Omit the images, then repeat the listing exactly.

Source material:
· · · · ·

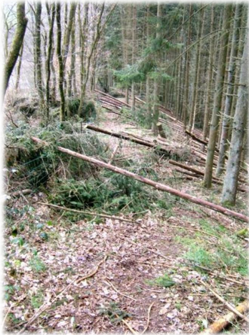
Ons wandelpad is bezaaid met hindernissen
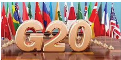
इंदौर/ जन प्रकाशन

इंटेलिजेंस की एक टीम सुरक्षा व्यवस्था का अध्ययन करने पहुंची तिरुवंतपुरम
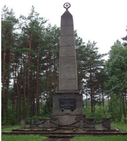
Фотоархив А.Черкасски: Понары 2011

· · · · ·

Exercise result:
Ons wandelpad is bezaaid met hindernissen
इंदौर/ जन प्रकाशन

इंटेलिजेंस की एक टीम सुरक्षा व्यवस्था का अध्ययन करने पहुंची तिरुवंतपुरम
Фотоархив А.Черкасски: Понары 2011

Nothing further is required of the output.